====== Provided material ======
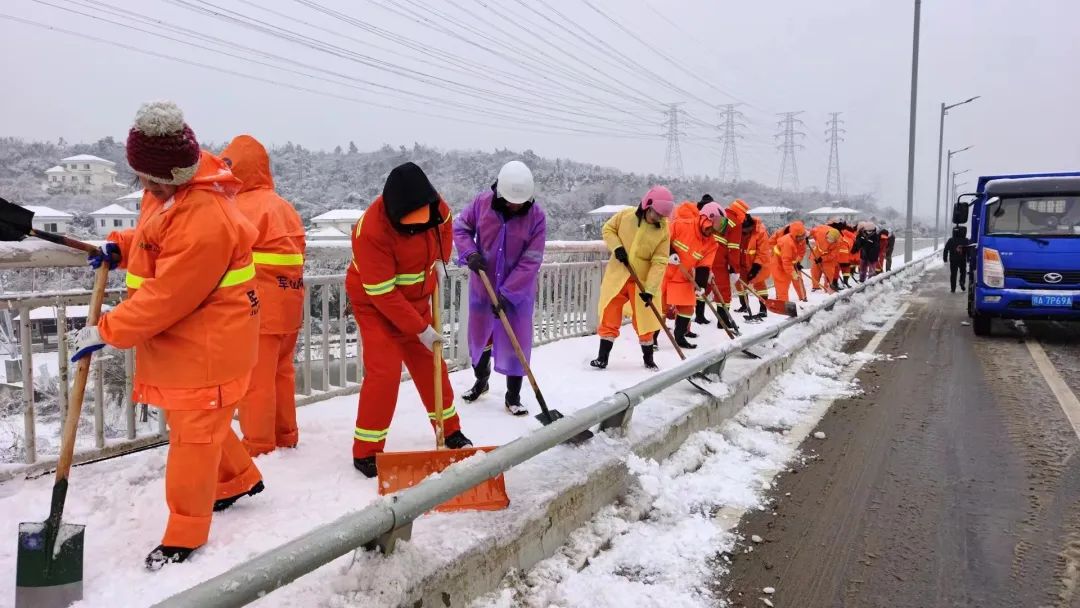 截至目前,区城管局共出动1.1万余人次、车辆1330余台次、撒布机及清理积雪车辆650余台次,对辖区内主次干道路开展融雪除冰工作,在东风高架、三环线、芳草路南太子湖桥、车谷大道等重点道路和桥梁抛洒融雪剂(盐)等700余吨,对人行天桥、人行横道、公交站点铺设防滑草垫2670余条,处理结冰积雪点位990余处,临时增设交通引导岗15处,设置交通引导标志标牌、雨雪天气提示牌、绕行提示牌41块。
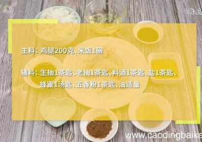 步骤1准备材料:鸡腿200克、米饭1碗、生抽1茶匙、老抽1茶匙、料酒1茶匙、盐1茶匙、蜂蜜1汤匙、五香粉1茶匙、油适量 。步骤2鸡腿洗净,打上花刀备用 。步骤3碗中放入鸡腿、料酒、老抽、盐、五香粉,拌匀腌制10分钟 。步骤4起锅倒油,油温6...
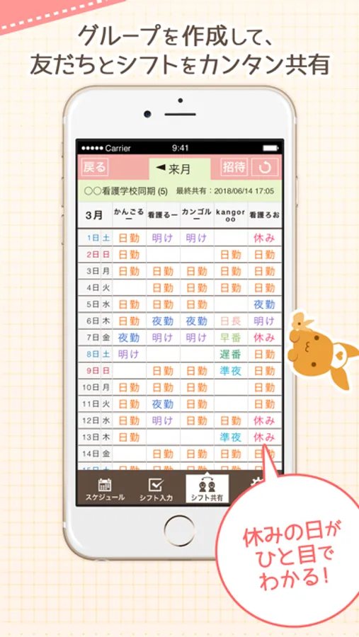 グループを作成し、お互いのシフトをワンタッチで共有!
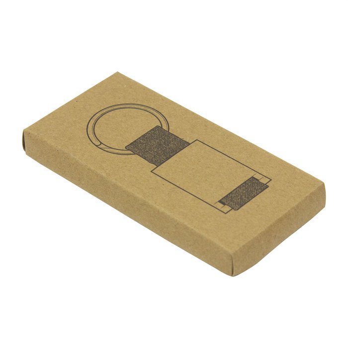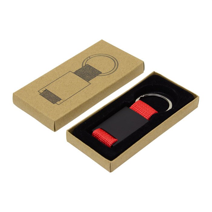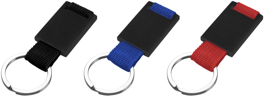 Llavero. Estructura metálica con aleación de zinc, terminación en negro mate. Correa de Polipropileno.
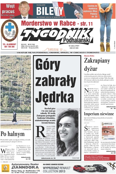 Góry zabrały Jędrka – w środę Zakopane pożegnało Andrzeja Urbaniaka, utalentowanego ucznia Liceum Kenara; w tatrzańskim parku urywają się telefony od osób zainteresowanych zakupem drewna; sąd uniewinnił byłą synową Gierka od zarzutów korupcyjnych; zakrapiany dyżur – dlaczego 20 minut po zakończeniu służby policjant miał we krwi 2 promile alkoholu; morderstwo w Rabce.
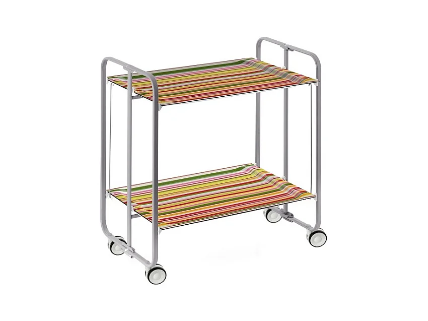 Klappbarer Wagen mit Rädern - Graues Metallgestell, 2 Etagen laminiert, gestreiftes Dekor - 72*66*43 cm - BAUHAUS
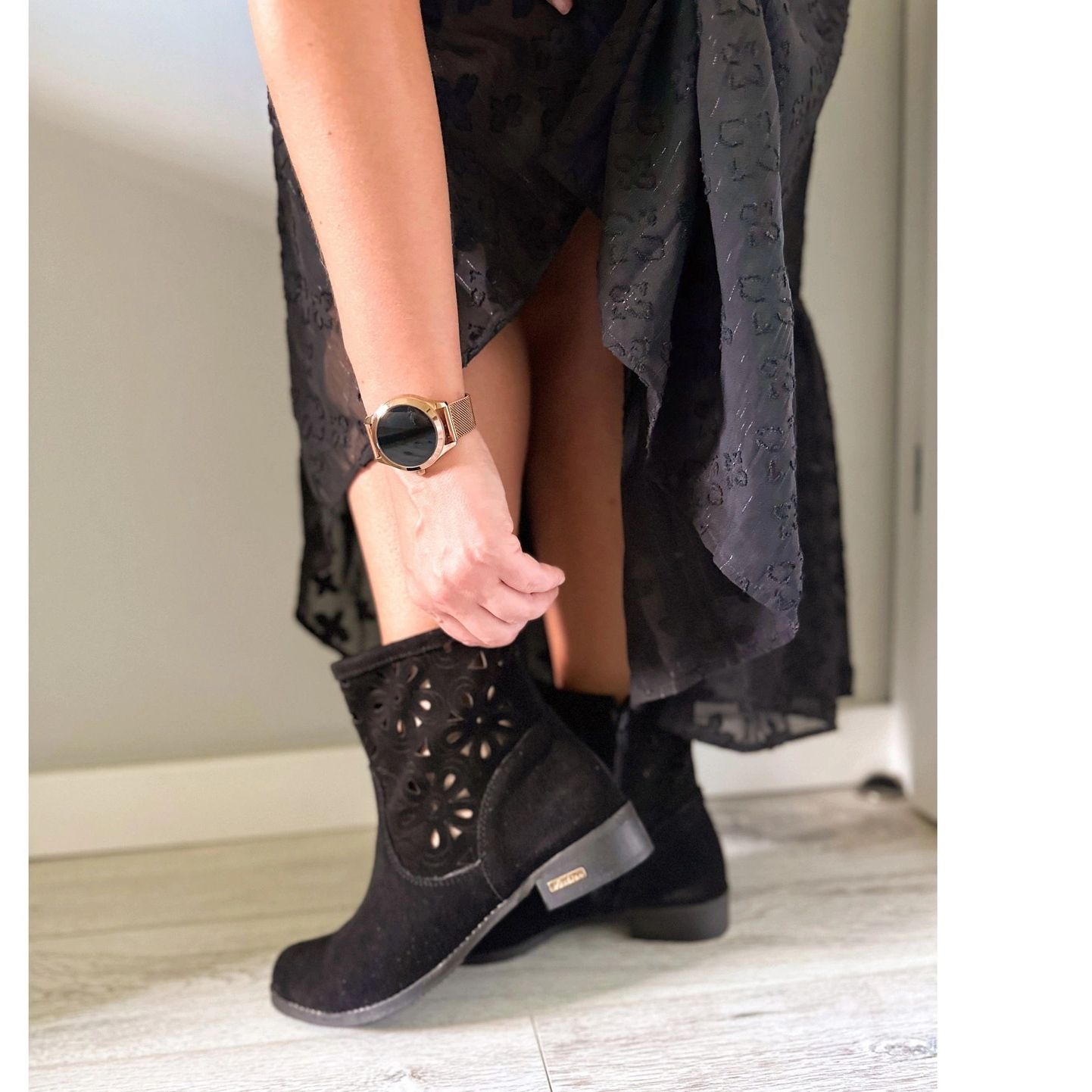 Olivier Olivier Cizme confortabile cu deschizături negre Alice negru
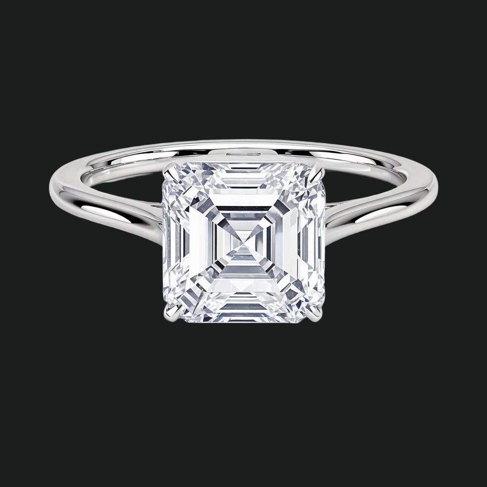 • Centre Stone: The centerpiece is a precisely cut Asscher diamond accent, celebrated for its clean lines and timeless symmetry. This D-colorless stone exhibits a distinct, geometric fire. The carat weight shown is 6mm (approximately 1.00 carat), and is fully customizable to your preference.
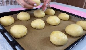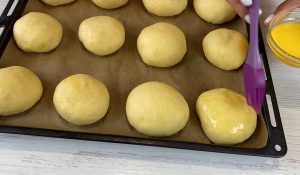 Odstraňte fólii a těsto položte na pracovní plochu. Lehce promíchejte rukama, vytvořte z něj válec a rozdělte ho na 12 částí. Z každého kousku vyválejte kuličku a všechny položte na plech vyložený pečicím papírem. Těsto zakryjte čistou utěrkou a nechte ho takto kynout ještě půl hodiny. Kuličky zvětší svou velikost, a proto mezi nimi musíte nechat mezery.
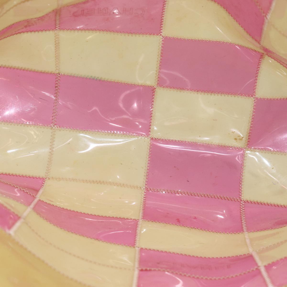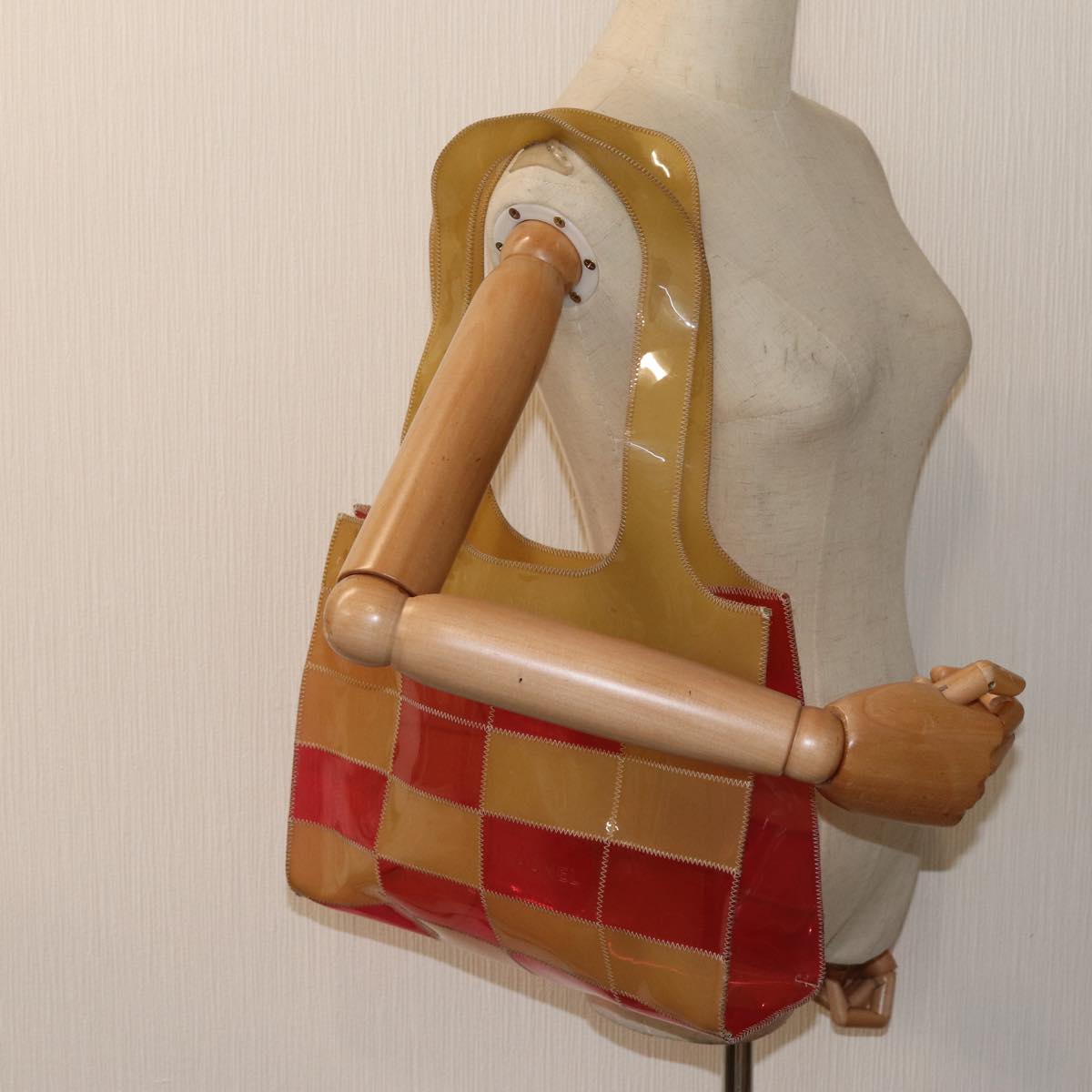 CHANEL Tote Bag Vinyl Red Beige CC bs15860
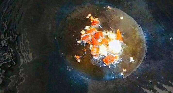 4、锅热油,爆香蒜片。
======
→ **Task brief**: Copy exactly the lines from the line containing "Odstraňte fólii a" through the last line of the records above, both included, and leave out any pictures.

→ **Solution to this exercise**:
 Odstraňte fólii a těsto položte na pracovní plochu. Lehce promíchejte rukama, vytvořte z něj válec a rozdělte ho na 12 částí. Z každého kousku vyválejte kuličku a všechny položte na plech vyložený pečicím papírem. Těsto zakryjte čistou utěrkou a nechte ho takto kynout ještě půl hodiny. Kuličky zvětší svou velikost, a proto mezi nimi musíte nechat mezery.
 CHANEL Tote Bag Vinyl Red Beige CC bs15860
 4、锅热油,爆香蒜片。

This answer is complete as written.